My favorite part of every week is, without fail, going to the temple on Tuesday mornings. Today was especially beautiful, spiritual experience and I wanted to burst from being so happy and full of love!
Driving to and from the temple in a bus the size of the Titanic is always exciting too. Sometimes I feel like I'm n a Disney park as I look around at all the terracotta-shingled houses, random piles of rubble, and thick, exotic foliage and the bus is jostling around like the jeep in the Indiana Jones ride. Then I look at the little cardboard make-shift huts that people actually live in under the freeway on-ramps and it hits me hard that this is home for so many people. I can't even imagine being so poor. I'm very sheltered from all that in the CTM, but I know that once I get to Bahia, it's going to hit me like a tone of bricks how real everything is. Irmao Ricardo, my teacher who doesn't speak a word of English, told Sister Oliver and I yesterday that we're going to have a hard time with people in Bahia believing that we know anything about life because we're spoiled, white Americans.
And how's the language coming you might ask? I only have two weeks left here before I'm thrown out to the mission field (I leave the CTM on November 6th). I'm happy to report that I understand almost 100% of what Irmao Ricardo says when he's talking slowly and about 60% when he's talking at normal speed. sometimes I forget he's speaking Portuguese at all! But ... when it comes to other Brazilians ... I understand more like 20%. I think I've just gotten used to how Irmao Ricardo speaks. AS for my OWN speaking of the language ... I understand way more than I can communicate. I never used to understand when people would say, "I understand Spanish, I just can't speak it." Well, now I understand completely. When I try to speak Portuguese, it comes out in an ugly smattering of unorganized nouns, direct objects, and unconjugated verbs that I hope the Brazilians will be able to make sense of. Most of the time, they don't get it. I'm trying to understand how to structure sentences properly and trying to get these millions of verb conjugations down! My teachers tell me that the only way I'll learn how to structure sentences is if I speak with Brazilians as often as possible, stop worrying about how silly I sound, and let them correct me over and over and over again. I'm working on that. AS for the verb conjugations, we were all given a handy-dandy little yellow card with the most common verbs and their conjugations on it and I cling to that thing like a frightened nun clings to her Rosary. I'm jealous of the pockets the Elders have.

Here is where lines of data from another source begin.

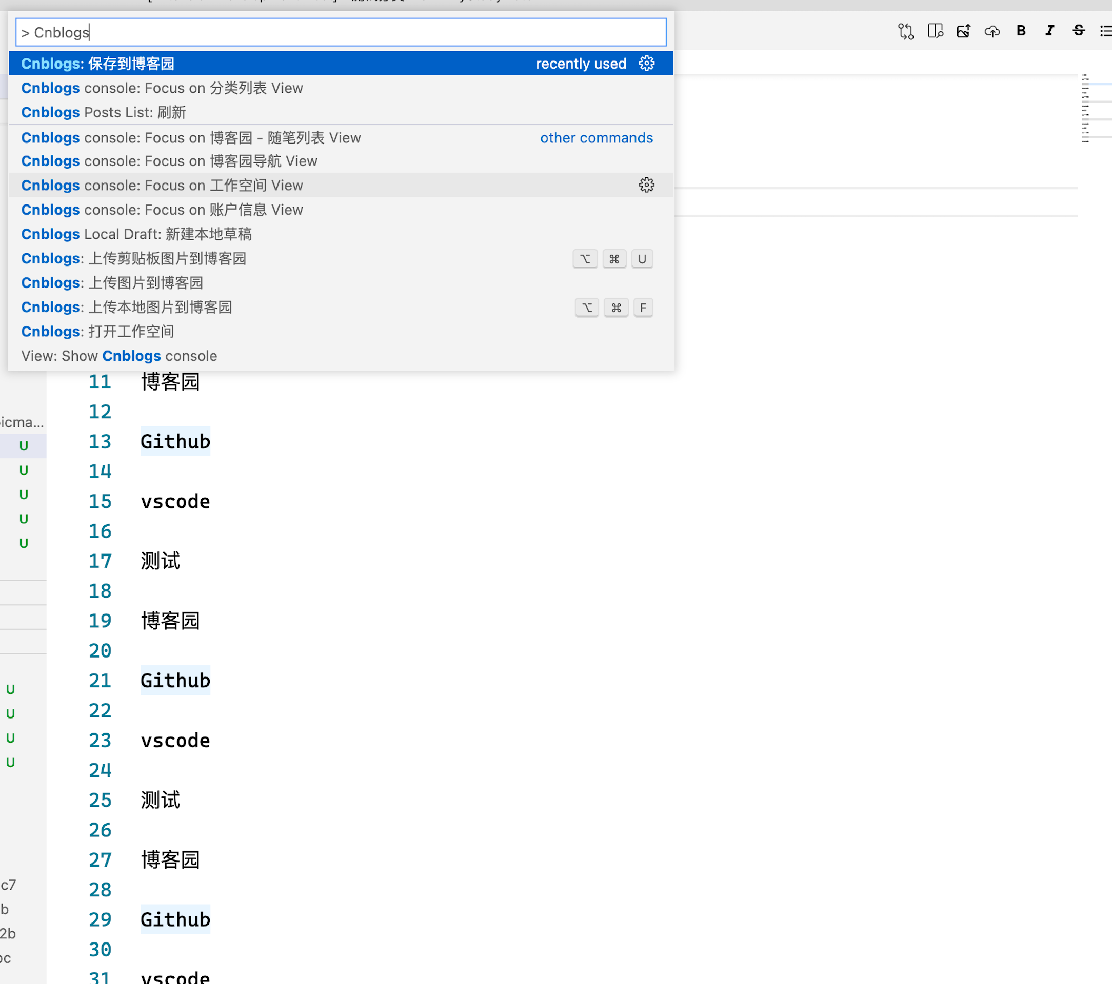 也通过 VSCode 的 Command Palette(唤起 Command Palette 快捷键,windows:ctrl+shift+p,macOS:cmd+shift+p)调用 Cnblogs: 上传到博客园命令,将当前正在编辑的 markdown 上传到博客园。
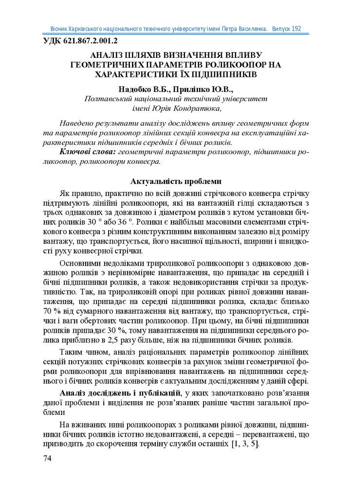 Аналіз шляхів визначення впливу геометричних параметрів роликоопор на характеристики їх підшипників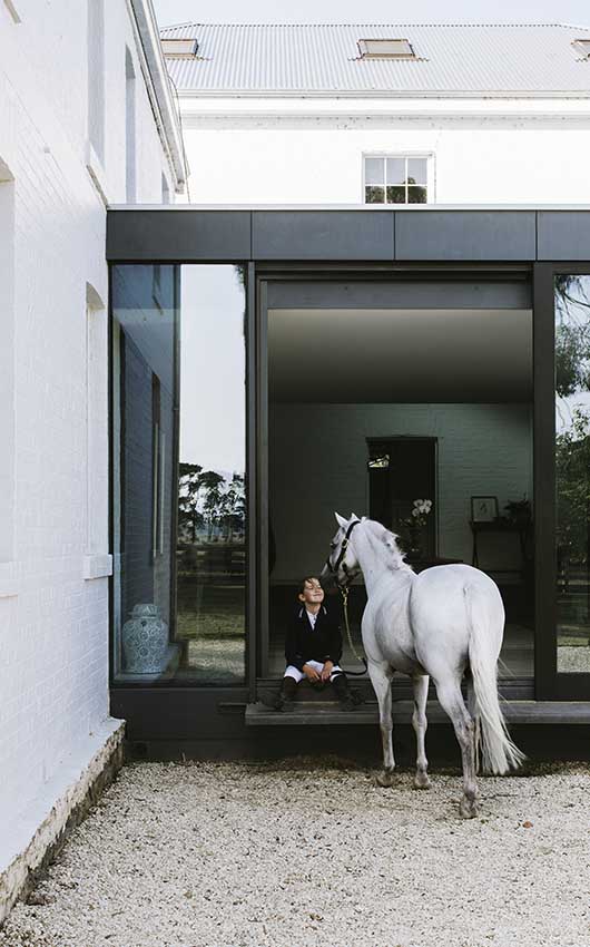 At the same time, they wanted to introduce modern amenities, while respecting the heritage of the homestead and its two out-buildings – a granary and stables which were in poor condition – which they envisioned as new accommodation for visiting business associates from interstate and overseas.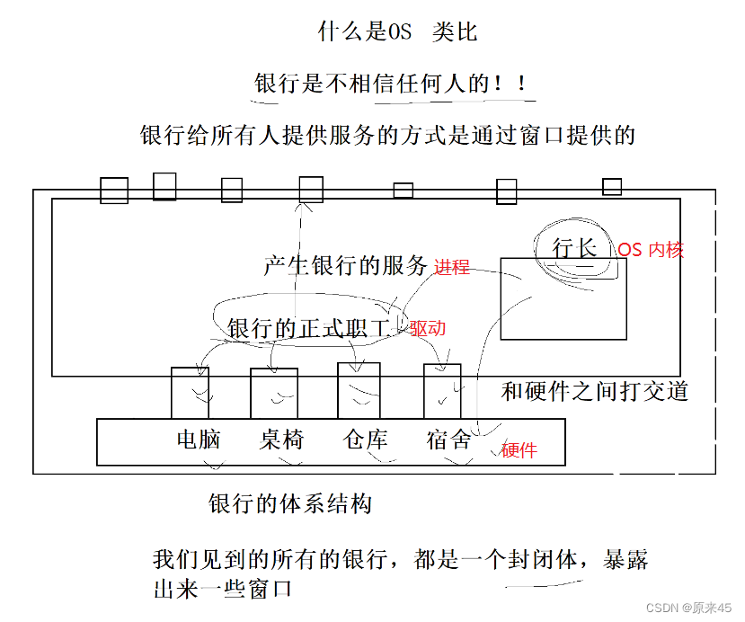 首先OS为什么要给我们提供服务?因为设计出来就是为了给我们提供服务的(废话文学属于是),但是我们调用printf或者是cout向显示器去打印数据的时候,显示器是硬件,我们自己有权限去直接写进数据去硬件吗?那自然是没有的,所以我们就需要OS提供的接口,操作系统是通过系统调用,对外提供服务的!Linux操作系统是用C语言写的,这里所谓的“接口”,本质就是C函数, 也就是说我们的系统调用,就是调用了操作系统提供的C函数。PS:Windows和Linux的系统接口是不一样的(比如工商银行和农业银行),但是我们调用的函数却是一样的?这就是很像多态,这也是平常说的代码的跨平台性。再次回来,我们自己写的代码运行就是一个进程,那别人写的当然也是!比如 ls pwd chgrp rm mkdir ....所有的指令都是一个进程!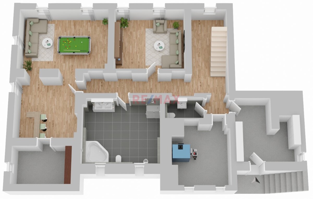 Im voll ausgebauten Untergeschoss finden Sie: •Einen Weinkeller •Freizeitraum mit eingebauter Bar •Billardraum •Ein großes Zimmer, ideal zum Beispiel als Fitnessraum •Voll ausgestattetes Badezimmer mit Whirlpool-Badewanne und Dusche •Separates WC •Wasch- und Trockenraum •Sowie einen weiteren praktischen Raum zur freien Nutzung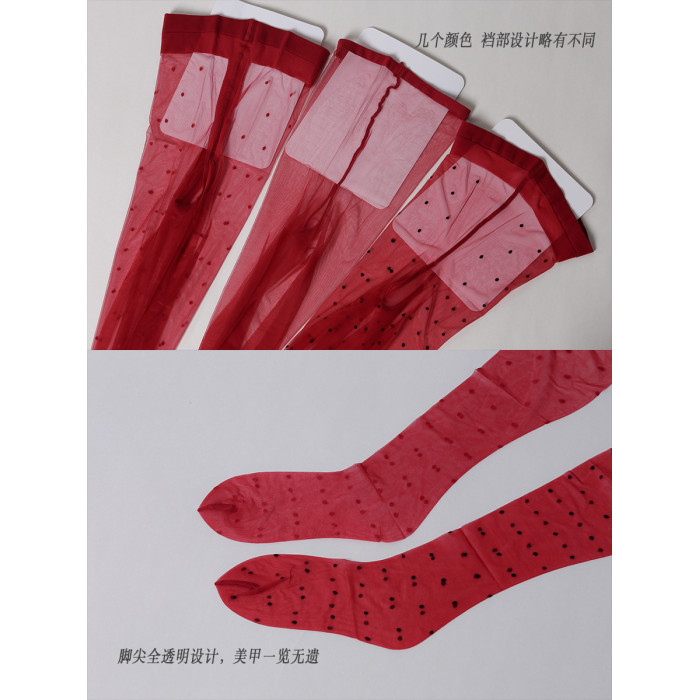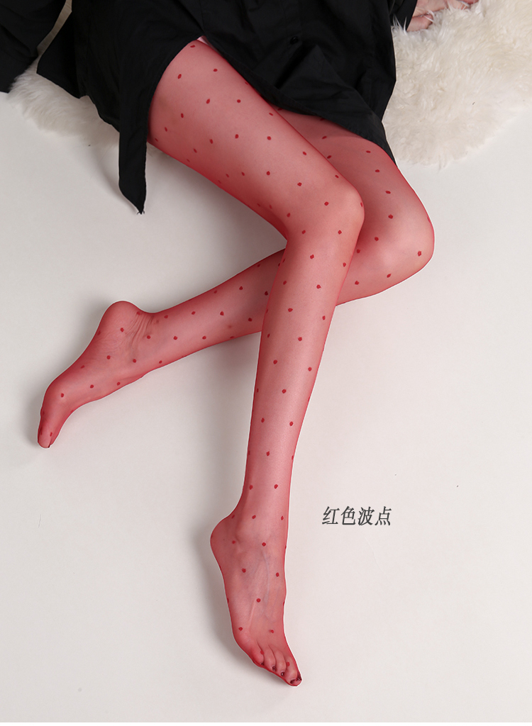 妖怪森林0D黑絲波點絲襪紅色超薄連褲襪高透冪式穿搭圓點性感透明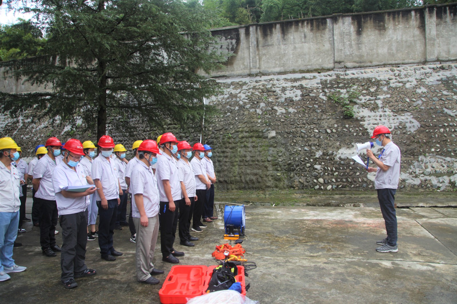 為汲取今年以來全省先後發生7qiyouxiankongjianzuoyeshengchananquanshigudeshenkejiaoxun,yangeguancheluoshishenganweihuiguanyuzuohaoyouxiankongjianzuoyeanquanfangfangongzuodexiangguanyaoqiubushu,zhualaozhuashigeguanjianhuanjieheanquanfangfancuoshi,8月29日,天彭電力結合公司實際組織開展了年度有限空間作業中毒窒息事故現場處置演練,公司領導、各部門、車間相關人員參加演練。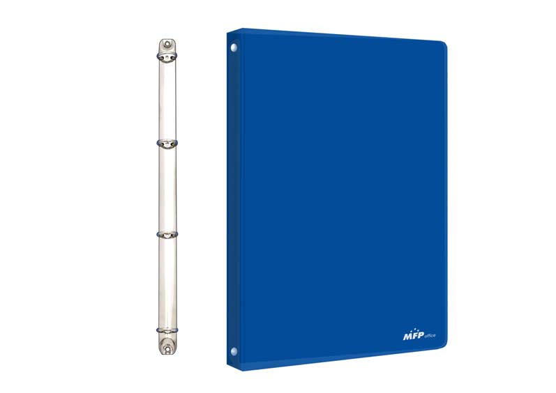 Poradač v moderných farbách na zakladanie dokumentov vo formáte A4, 4-krúžková mechanika. Vyrobené zo silného polypropylénu. Farba: modrá.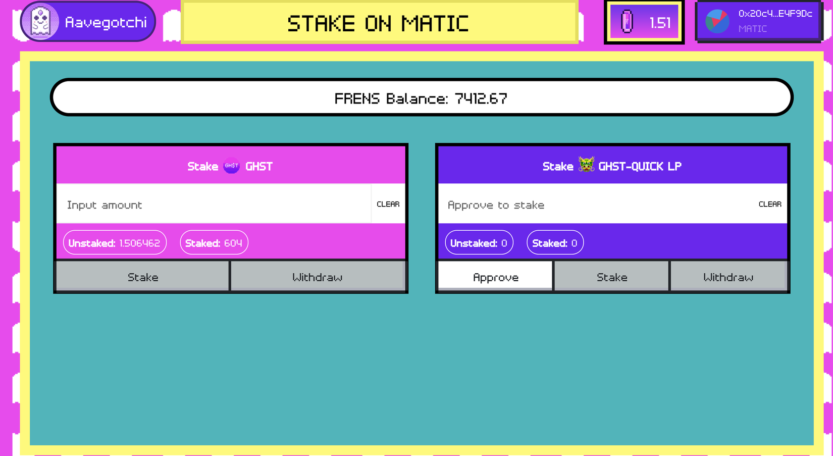 Lượng FRENS sinh ra 1 ngày sẽ tương ứng với lượng GHST chúng ta stake với cả Ethereum và Polygon (Matic).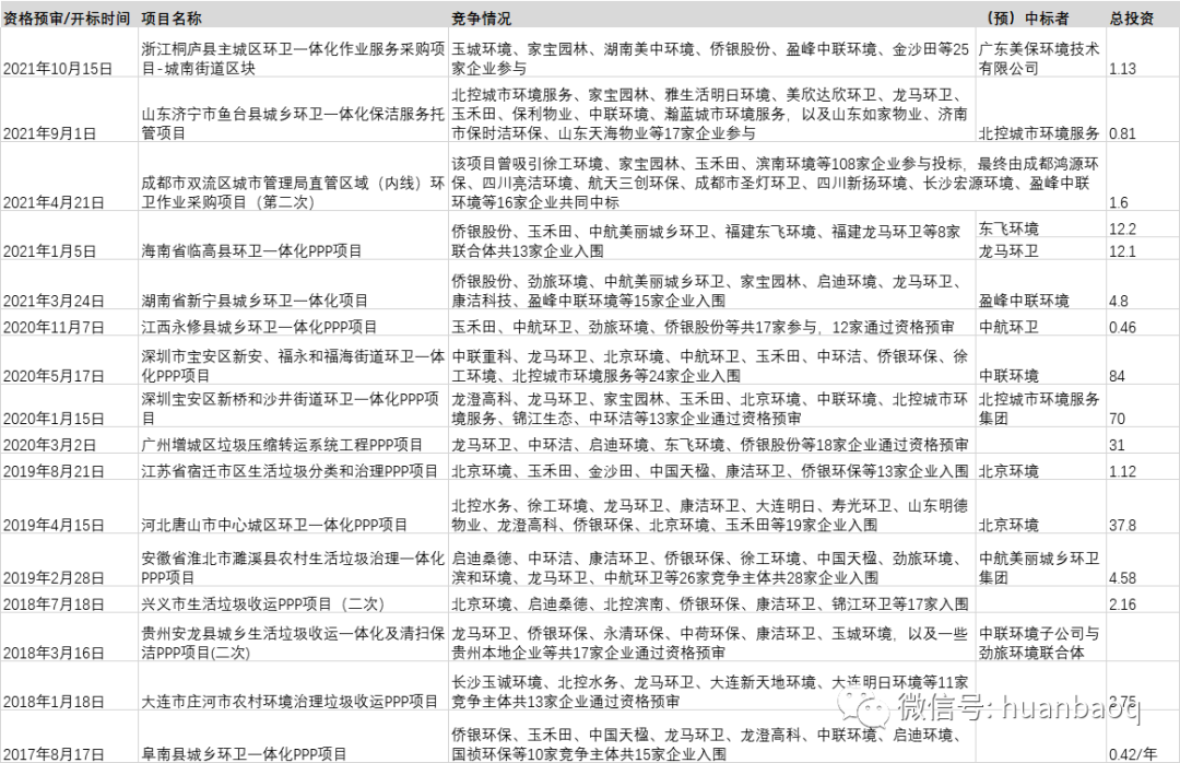 ▼表2 2017年至今部分競爭激烈的環(huán)衛(wèi)項目列表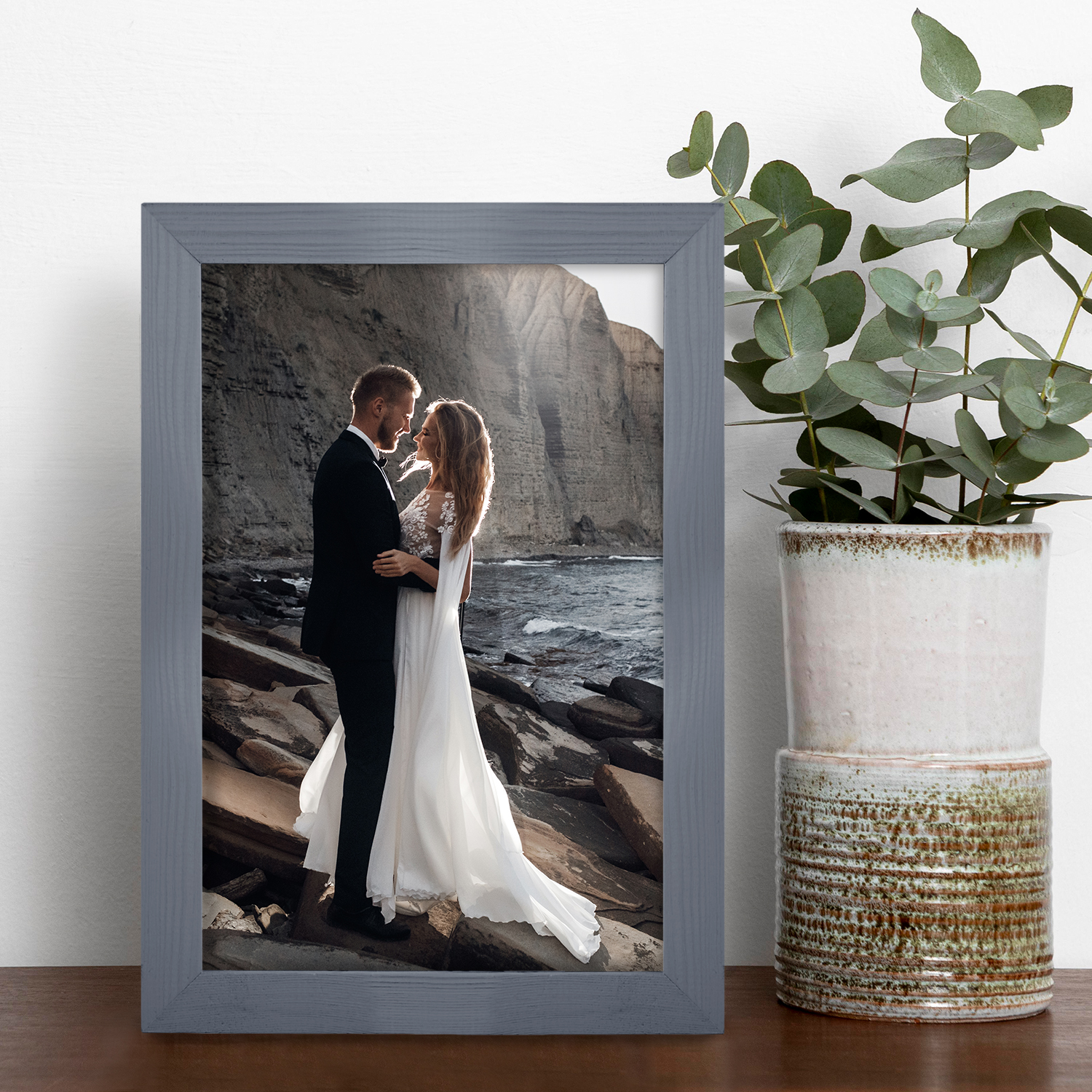 Zestaw 10 szt. ramek na zdjęcia A5 14,8 x 21 cm szarych, z naturalnego drewna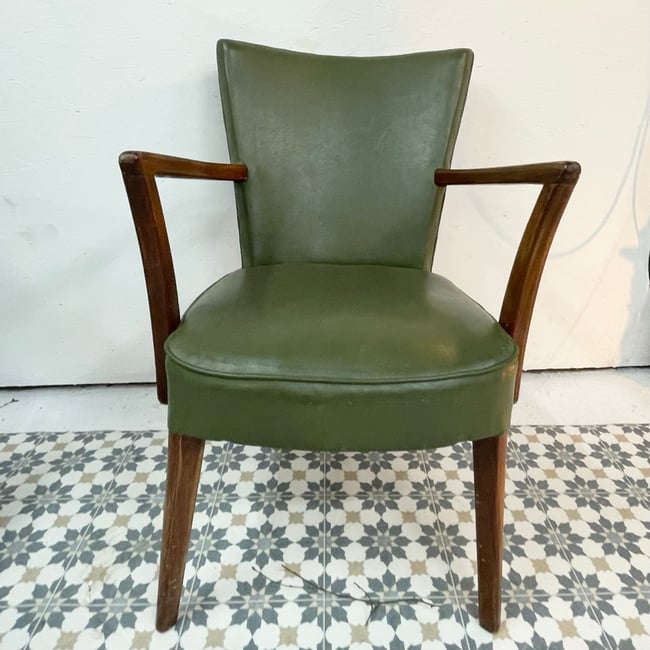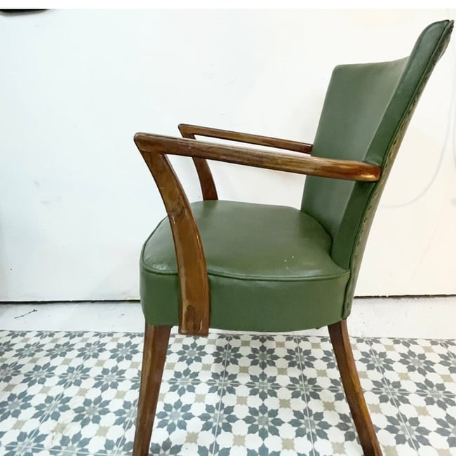 A beautiful pair of original 1930’s Art Deco armchairs with beach wood arms and legs, original horse hair stuffing with Olive Green rexine upholstery. These stunning chairs are stylish along with being extremely comfortable and are a nifty size perfect for a small space. For interior design lovers only. Each chair is 84cms height x 56cms width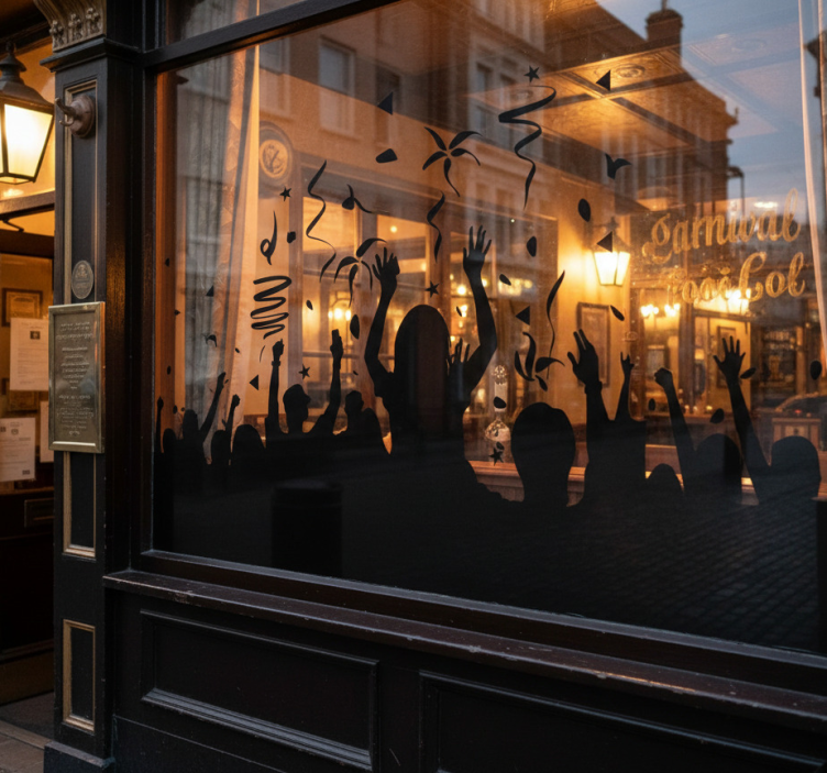 Référence: A53880Apportez une touche de joie et de couleur à votre espace avec notre sticker vitrine foule de carnaval festive. Ce design éclatant, orné de motifs festifs et de couleurs vives, évoque l'ambiance enjouée des carnavals, transformant n'importe quelle vitrine en un véritable spectacle visuel. Laissez-vous emporter par l'énergie contagieuse de ce sticker vitrine, qui saura captiver l'attention et ravir les passants.

Skirts with pockets are GENIUS! I'm loving my skirt from Down East Basics with the pockets. I wish I had ten more like it. One of the sisters who left a week ago gave me a skirt she didn't want anymore. It's big and ugly, but it has POCKETS! It is now one of my favorite articles of clothing. Yay for free stuff!
Elder Hermansen somehow has gone his entire life thinking that his esophagus was called a sarcophagus. this came out when Sister Oliver was coughing from laughing too hard and he said, "Oh no, there's something stuck in her sarcophagus!" I laughed so hard I thought I would die. Don't worry, I told him what a sarcophagus is; but I think for the next few weeks, any time someone coughs, we're going to keep saying, "There's something stuck in her sarcophagus!"
I just have to say how much I love being here. Any of you girls who are thinking about going on a mission, DO IT! You don't have to have God open up the Heavens and tell you to go for it to be the right thing for you. D&C 4:3 "Therefore, if ye have desires to serve God ye are called to the work." I'm not trying to tell you what to do. I'm just trying to make you feel guilty if you don't do what I think you should
do :)
In the words of Porky Pig, "Dee blee de dee, that's all folks!"